### PROBLEM REQUIREMENTS
Transcribe all records exactly; omit pictures.
### EXERCISE MATERIALS
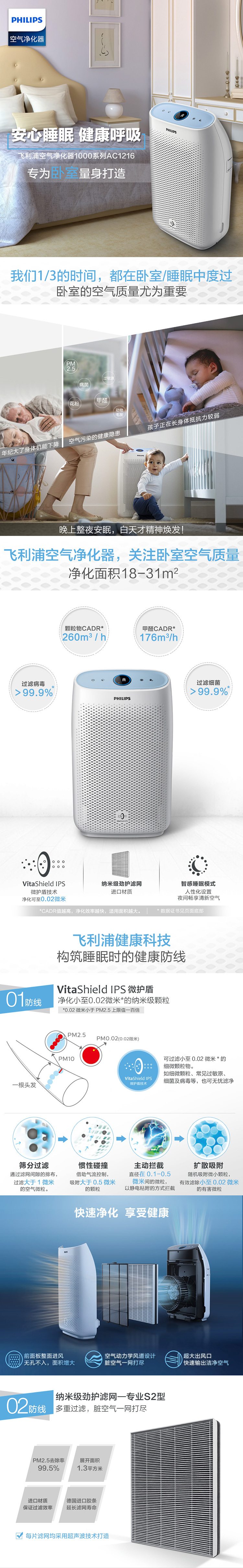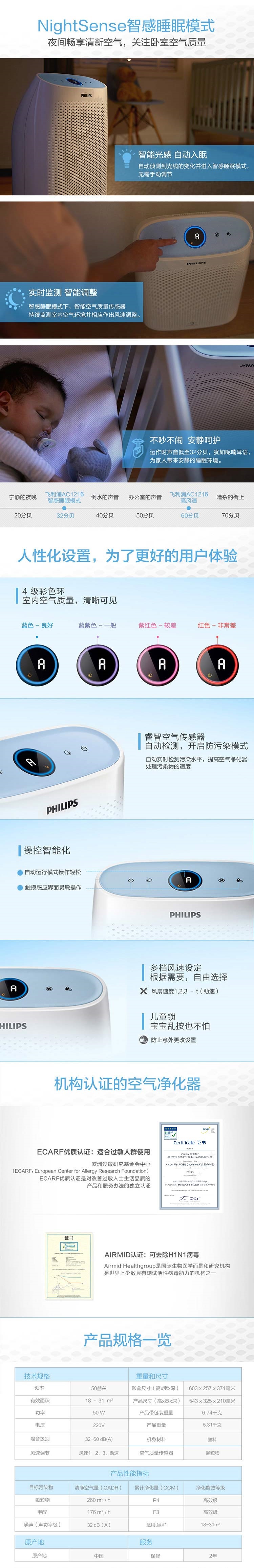 • 商品名称:飞利浦(PHILIPS) AC1216 空气净化器 家用除甲醛 除雾霾 除过敏原 除细菌 病毒
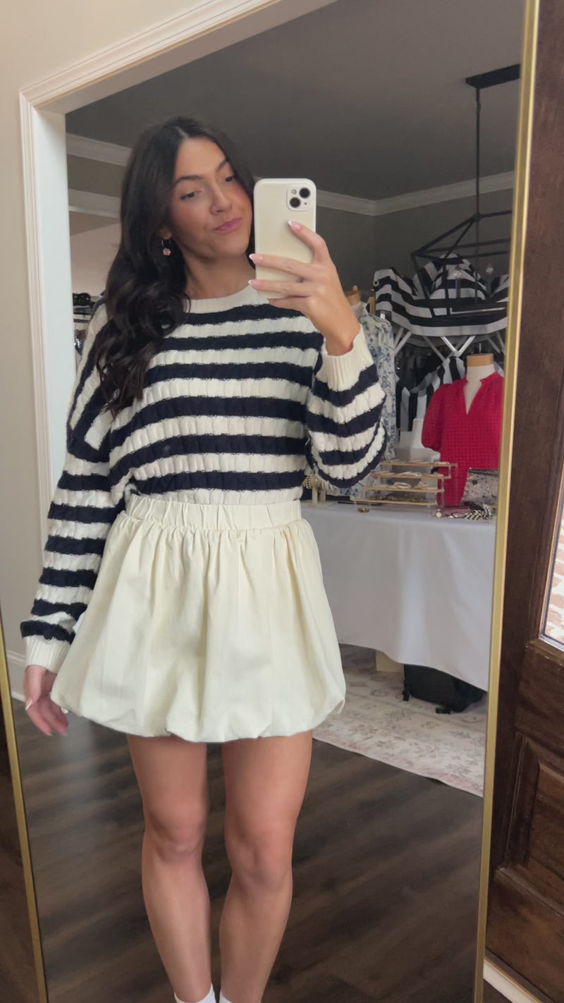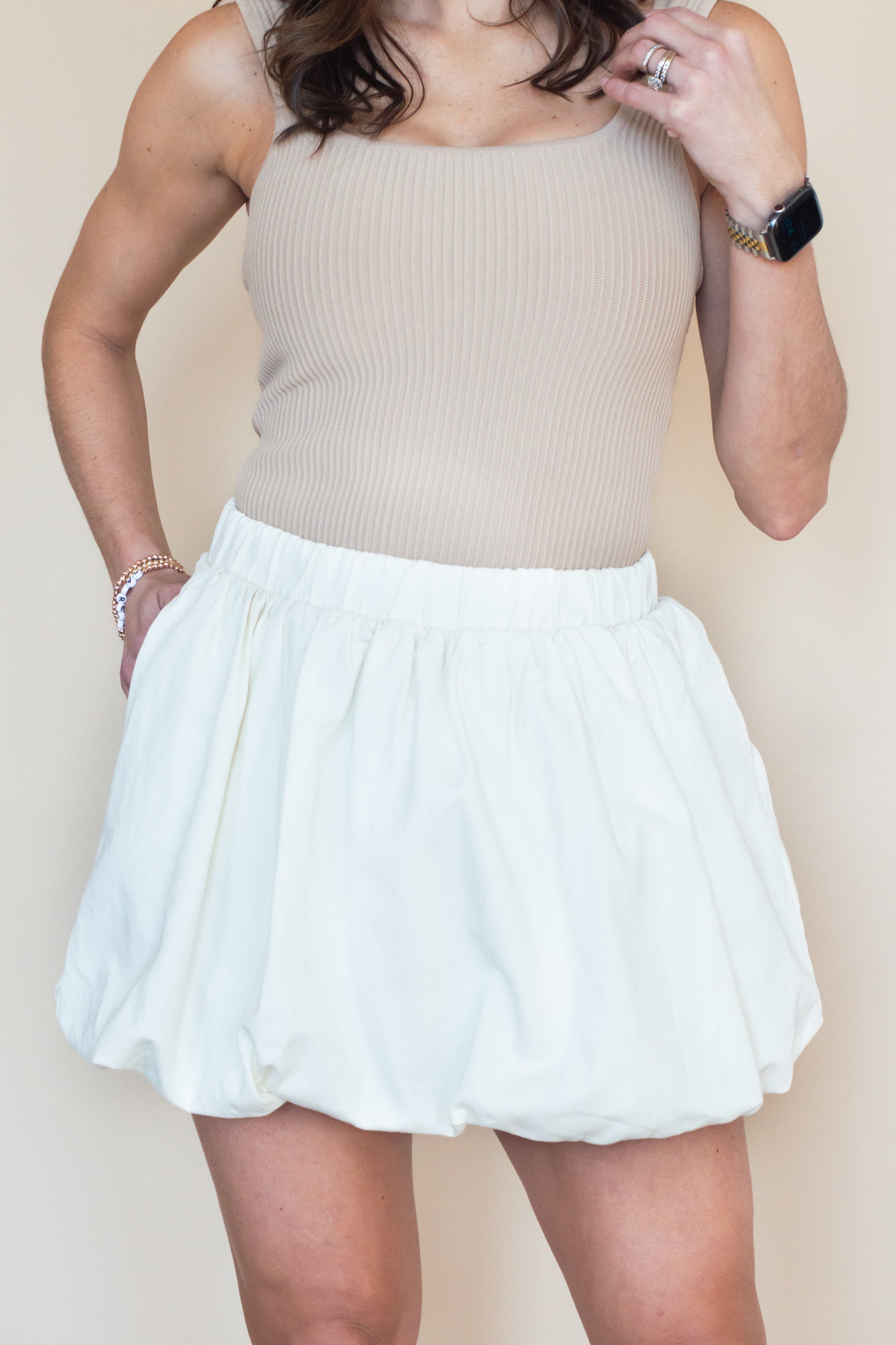 This beautiful cream mini bubble skirt is comfy and effortless! Made from 100% cotton with a flattering bubble silhouette (and pockets!), it’s perfect for dressing up or keeping it casual. Trust us, you’ll be wearing this one on repeat!
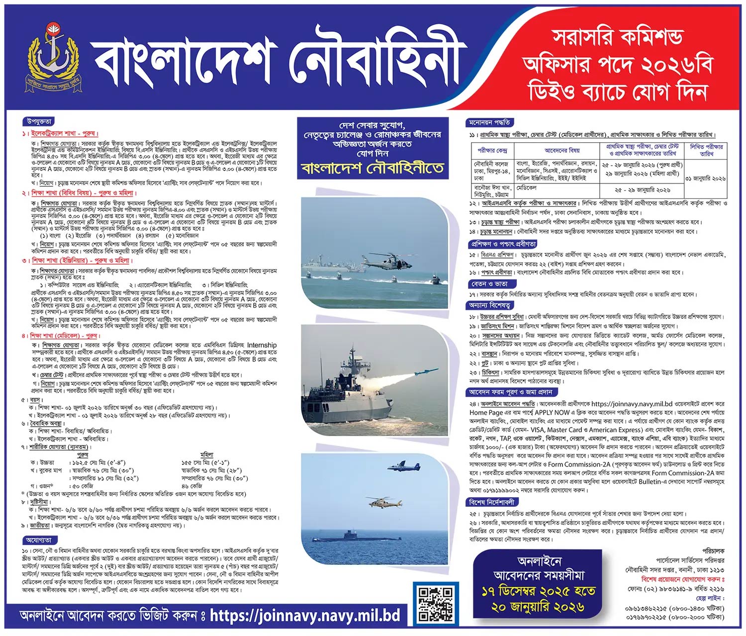 সম্প্রতি নিয়োগ বিজ্ঞপ্তি প্রকাশ করেছে বাংলাদেশ নৌবাহিনী। প্রতিষ্ঠানটির ২০২৬বি ডিইও ব্যাচে ‘কমিশন্ড অফিসার’ পদে জনবল নিয়োগ দেওয়া হবে। আগ্রহীরা আগামী ২০ জানুয়ারি পর্যন্ত অনলাইনের মাধ্যমে আবেদন করতে পারবেন। প্রার্থীরা ৩০ বছর বয়সেও আবেদনের সুযোগ পাবেন।
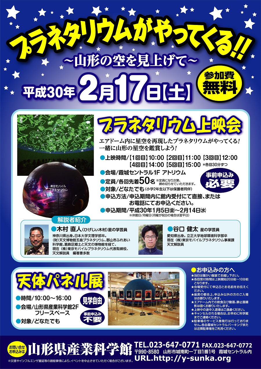 【2月17日(土)】エアドーム内に星空を再現したプラネタリウムがやってくる!
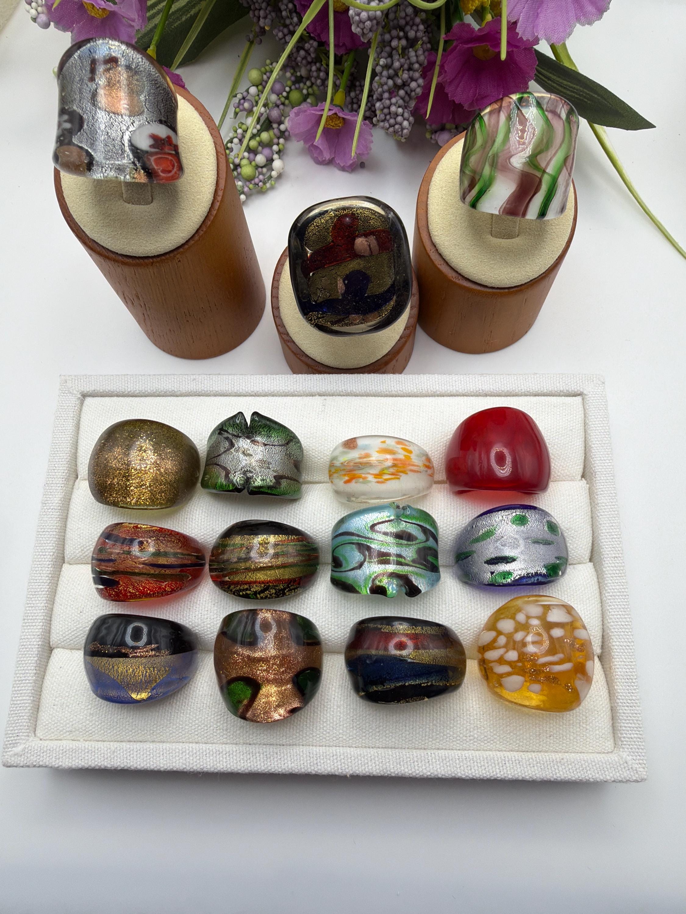 There will be lots of options by style, color and type of ring. There will be Millefiori designs and Murano Inspired glass rings to choose from.
######
### WRITTEN SOLUTION
 • 商品名称:飞利浦(PHILIPS) AC1216 空气净化器 家用除甲醛 除雾霾 除过敏原 除细菌 病毒
 This beautiful cream mini bubble skirt is comfy and effortless! Made from 100% cotton with a flattering bubble silhouette (and pockets!), it’s perfect for dressing up or keeping it casual. Trust us, you’ll be wearing this one on repeat!
 সম্প্রতি নিয়োগ বিজ্ঞপ্তি প্রকাশ করেছে বাংলাদেশ নৌবাহিনী। প্রতিষ্ঠানটির ২০২৬বি ডিইও ব্যাচে ‘কমিশন্ড অফিসার’ পদে জনবল নিয়োগ দেওয়া হবে। আগ্রহীরা আগামী ২০ জানুয়ারি পর্যন্ত অনলাইনের মাধ্যমে আবেদন করতে পারবেন। প্রার্থীরা ৩০ বছর বয়সেও আবেদনের সুযোগ পাবেন।
 【2月17日(土)】エアドーム内に星空を再現したプラネタリウムがやってくる!
 There will be lots of options by style, color and type of ring. There will be Millefiori designs and Murano Inspired glass rings to choose from.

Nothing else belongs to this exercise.